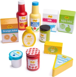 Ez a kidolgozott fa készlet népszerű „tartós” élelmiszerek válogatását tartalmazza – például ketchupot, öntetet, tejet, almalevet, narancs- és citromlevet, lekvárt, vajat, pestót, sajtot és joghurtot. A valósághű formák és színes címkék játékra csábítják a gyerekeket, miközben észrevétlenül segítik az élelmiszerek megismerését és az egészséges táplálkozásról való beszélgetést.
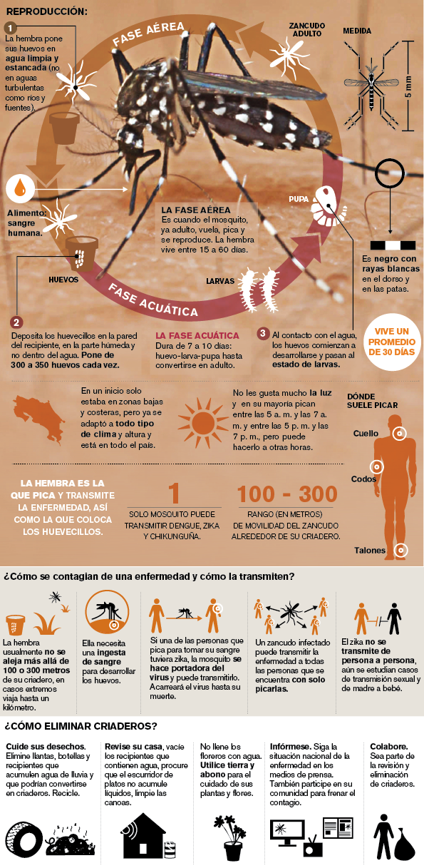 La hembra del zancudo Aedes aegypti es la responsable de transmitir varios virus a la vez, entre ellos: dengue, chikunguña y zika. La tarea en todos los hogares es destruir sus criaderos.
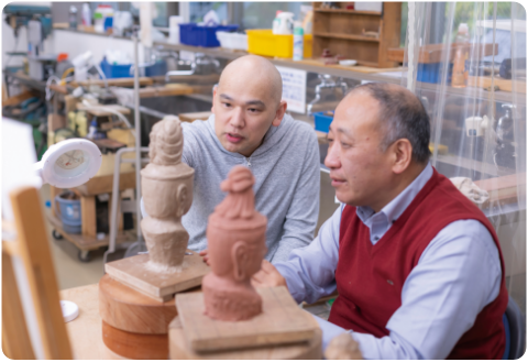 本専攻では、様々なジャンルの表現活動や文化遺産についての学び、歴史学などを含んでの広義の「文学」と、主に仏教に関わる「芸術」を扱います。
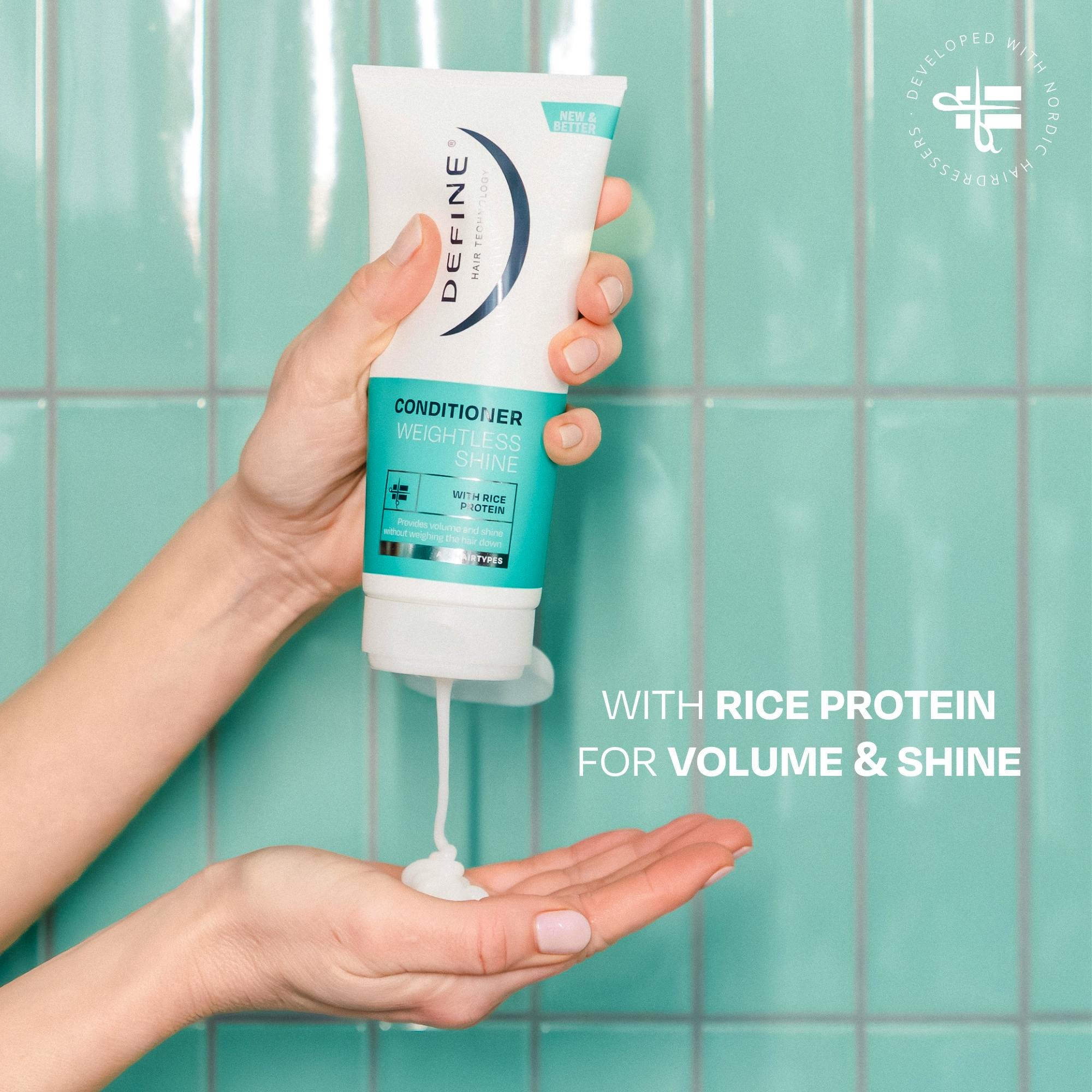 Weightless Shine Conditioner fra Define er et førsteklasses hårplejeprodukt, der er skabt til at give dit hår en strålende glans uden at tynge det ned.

■ ■ ■ ■ ■

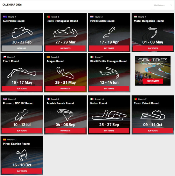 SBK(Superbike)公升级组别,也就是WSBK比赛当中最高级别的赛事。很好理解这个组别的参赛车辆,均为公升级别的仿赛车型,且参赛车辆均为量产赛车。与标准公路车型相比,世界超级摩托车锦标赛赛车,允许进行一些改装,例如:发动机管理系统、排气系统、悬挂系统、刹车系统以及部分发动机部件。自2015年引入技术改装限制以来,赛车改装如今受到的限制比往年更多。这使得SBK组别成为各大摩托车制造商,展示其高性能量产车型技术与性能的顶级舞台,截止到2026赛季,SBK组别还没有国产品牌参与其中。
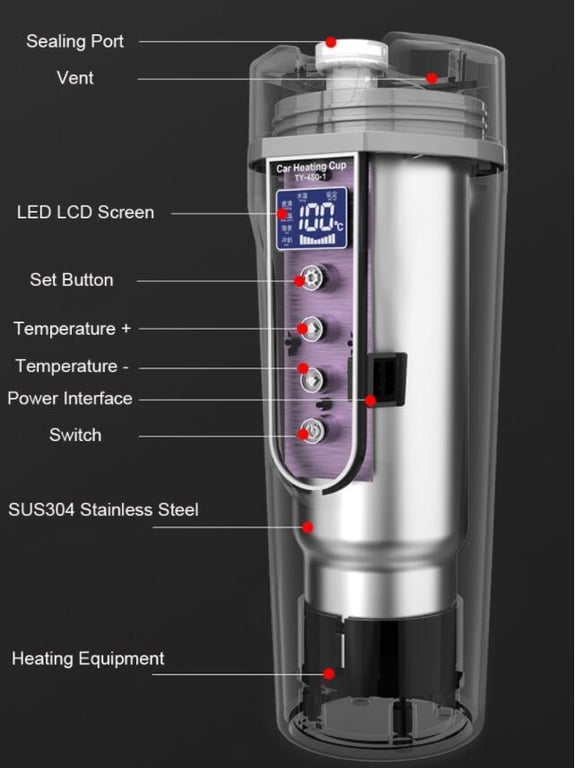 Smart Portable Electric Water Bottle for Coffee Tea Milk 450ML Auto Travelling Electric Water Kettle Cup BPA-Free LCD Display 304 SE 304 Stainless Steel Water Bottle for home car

■ ■ ■ ■ ■

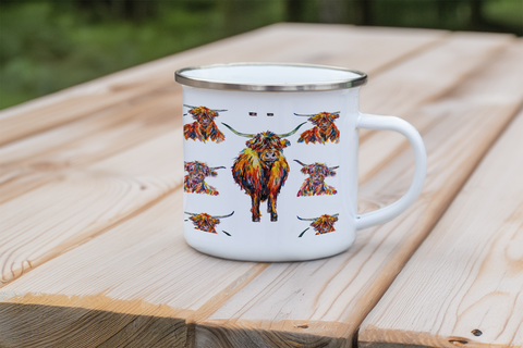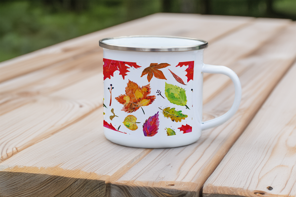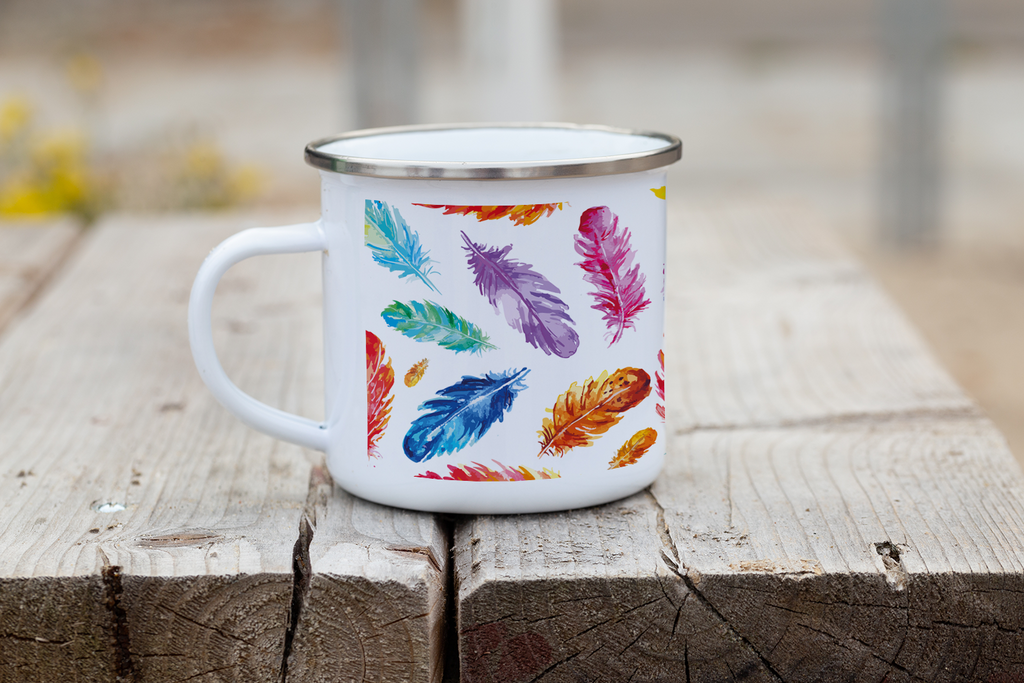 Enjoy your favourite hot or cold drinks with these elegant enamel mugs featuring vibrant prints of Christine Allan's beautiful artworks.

■ ■ ■ ■ ■

Task goal: Copy the lines above exactly, starting at the one with "本専攻では、様々なジャンルの" and ending at the one with "Weightless Shine Conditioner", both included. Leave out any pictures and add nothing else.

Task answer:
 本専攻では、様々なジャンルの表現活動や文化遺産についての学び、歴史学などを含んでの広義の「文学」と、主に仏教に関わる「芸術」を扱います。
 Weightless Shine Conditioner fra Define er et førsteklasses hårplejeprodukt, der er skabt til at give dit hår en strålende glans uden at tynge det ned.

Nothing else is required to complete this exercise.